The Skaergaard intrusion was formed 56 million years ago during the opening of the North Atlantic Ocean. The intrusion was emplaced beneath the preexisting rock in the region, including plateau basalt and gneiss. The intrusion has a general oval shape, which is atypical in igneous emplacement. Due to the tectonic activity in East Greenland, the intrusion is now slightly tilted towards the sea. Specifically, the lower parts of the intrusion are exposed to the north while sections of the roof are conserved to the south.

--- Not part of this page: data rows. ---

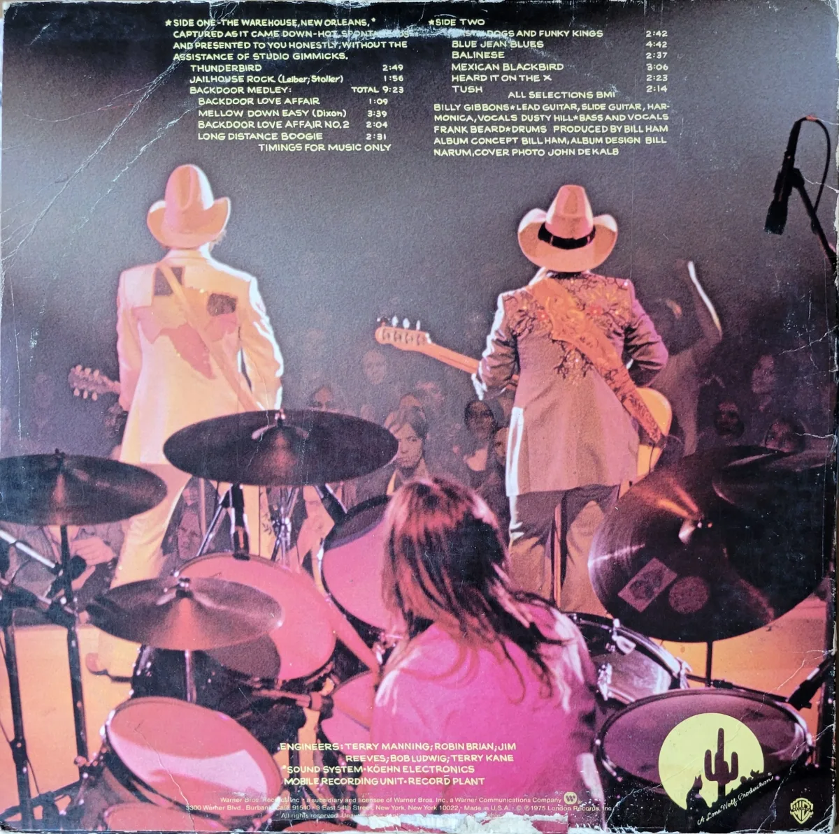 Fourth release from Texas blues band ZZ Top, Fandango! included an A side with live songs (from The Warehouse, in New Orleans) and a B side of new studio recordings.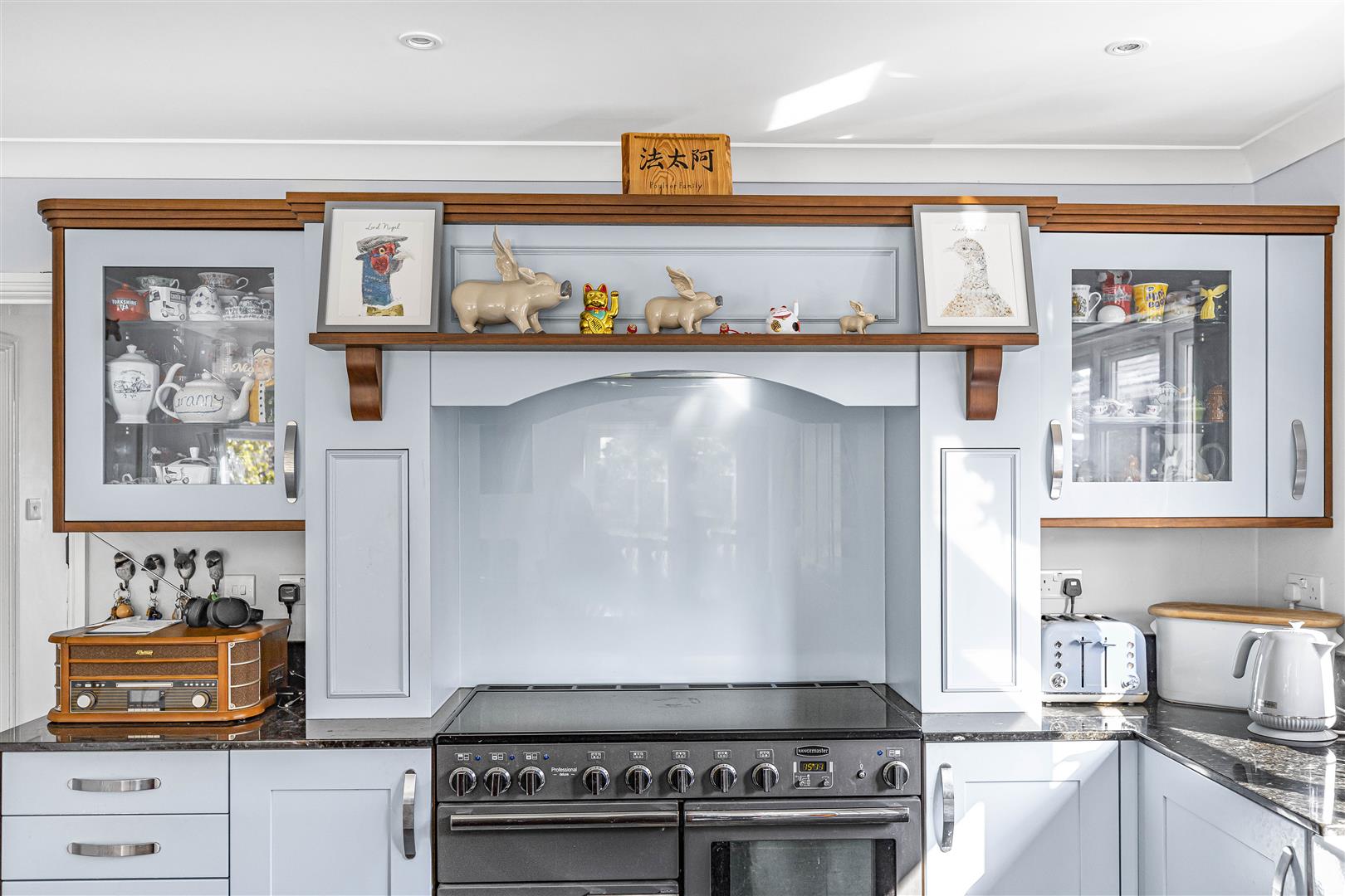 Open plan bespoke fitted kitchen with eye and base level storage units and granite working surfaces over, granite upstands, kitchen island, Perrin & Rowe double ceramic sink with mixer tap over and Rangemaster oven. Integrated appliances to include Neff dishwasher, full height fridge and freezer and microwave.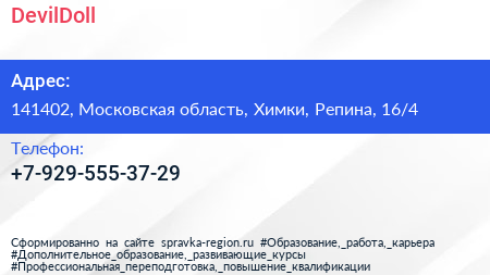 DevilDoll по адресу 141402, Московская область, Химки, Репина, 16/4 в дальнейшем Организация, размещена в следующих категориях: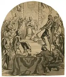 Cardinal Pandolf arrives from Pope Innocent III bearing a formal accusation. As the latest salvo of the Investiture Controversy, King John is blocking the Pope's chosen Archbishop, Stephen Langton, from the Diocese of Canterbury and has further imposed Caesaropapism upon the Catholic Church in England. John defies the Holy See and vows that "No Italian priest shall tithe or toll in our dominions", whereupon the Cardinal declares him excommunicated and deposed as King. Pandolf demands that the French king renounce the new treaty, though Philip is hesitant, having just established familial ties to King John. Cardinal Pandolf points out that Philip's links to the Vatican are older and firmer.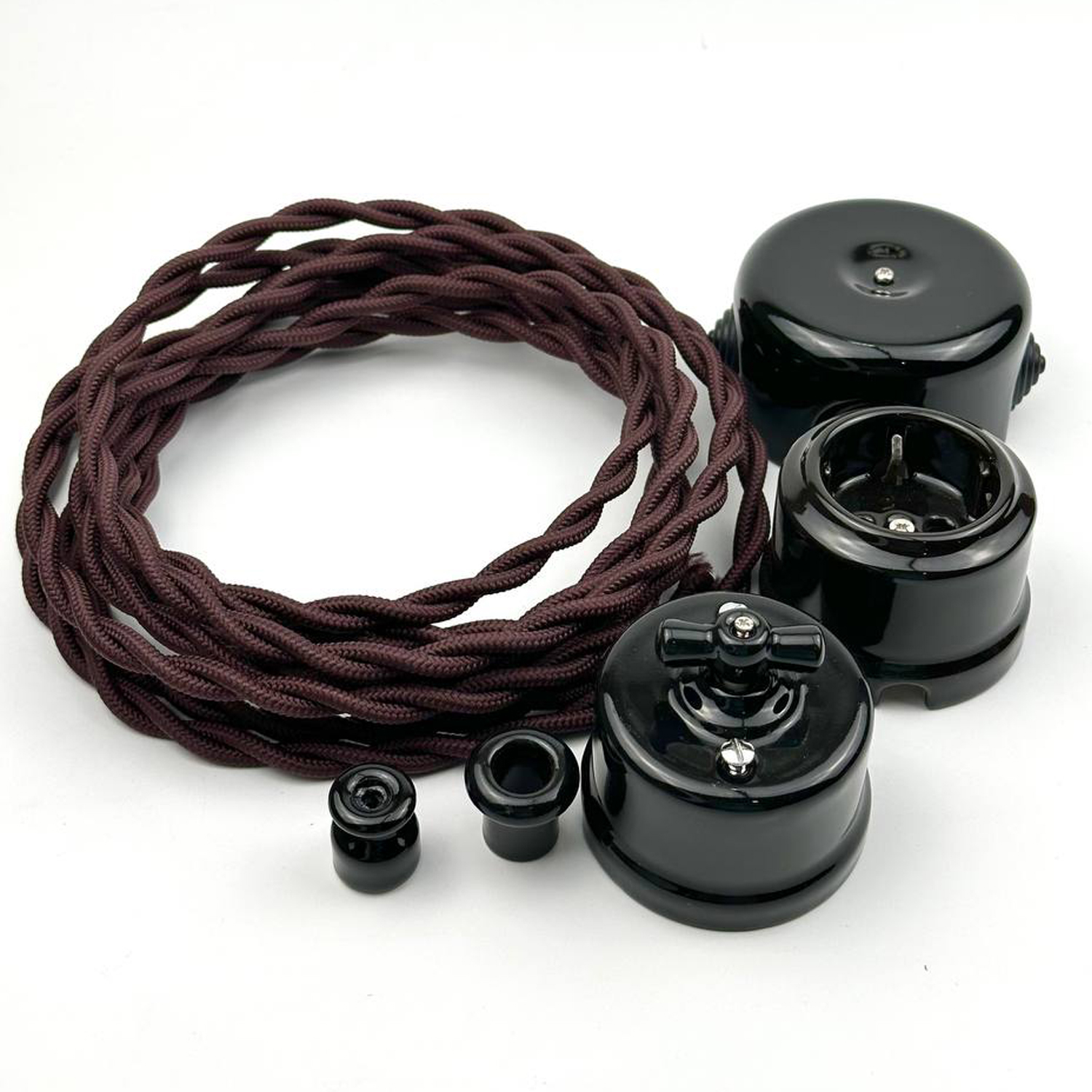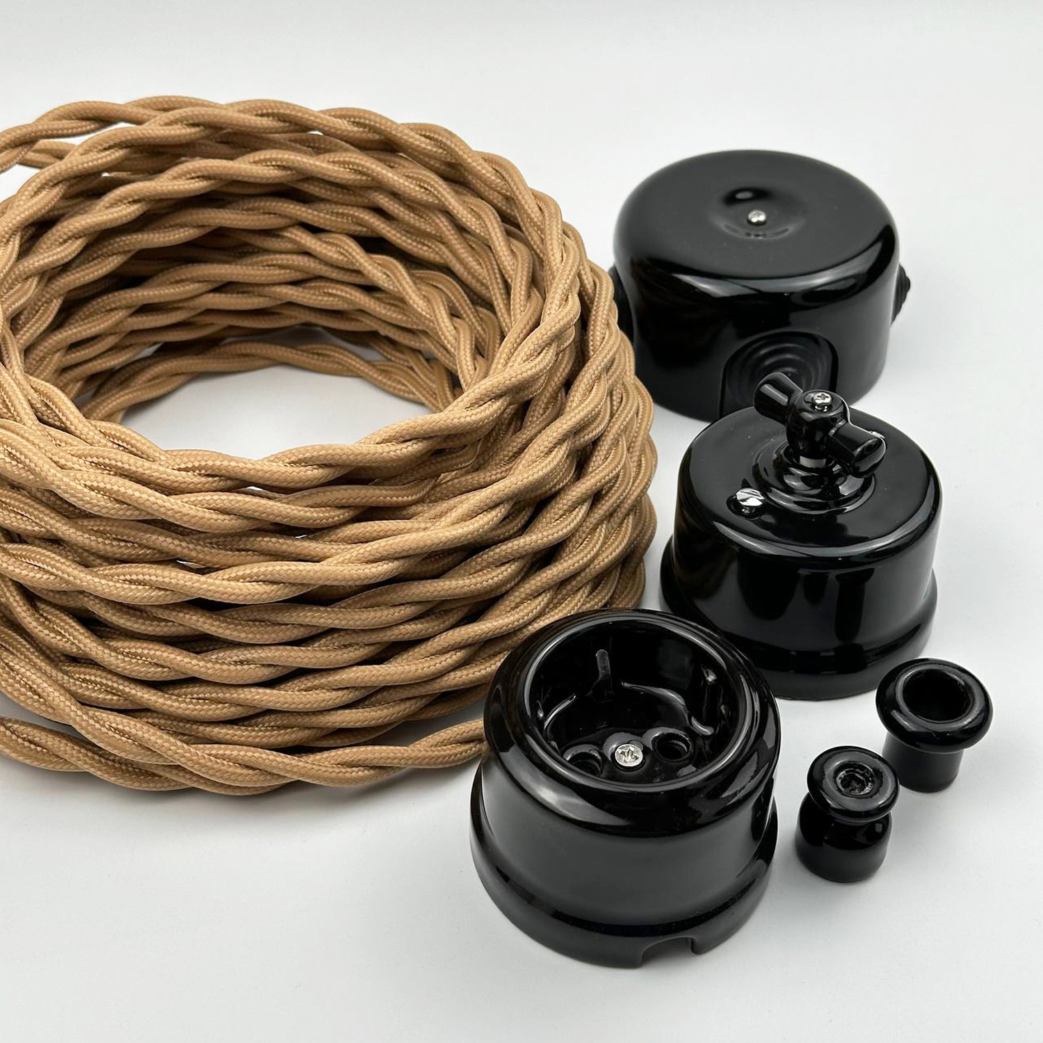 Модель виконана у класичному чорному кольорі, що додає інтер’єру виразності та ідеально поєднується з ретро-елементами: вимикачами, розетками та ізоляторами.

== Discovery and early studies ==
The Skaergaard intrusion was first discovered by Lawrence Wager on his Arctic Air-Route Expedition in 1930. In 1933, the first aerial photography of the region was taken in order to create a topographic map of the area. The first scientific expedition to the intrusion took place in 1935 and 1936 and lasted over 13 months. This expedition was led by Wager accompanied by a small team, including geologist William Alexander Deer. Through this mission, the team studied the intrusion through reconnaissance mapping.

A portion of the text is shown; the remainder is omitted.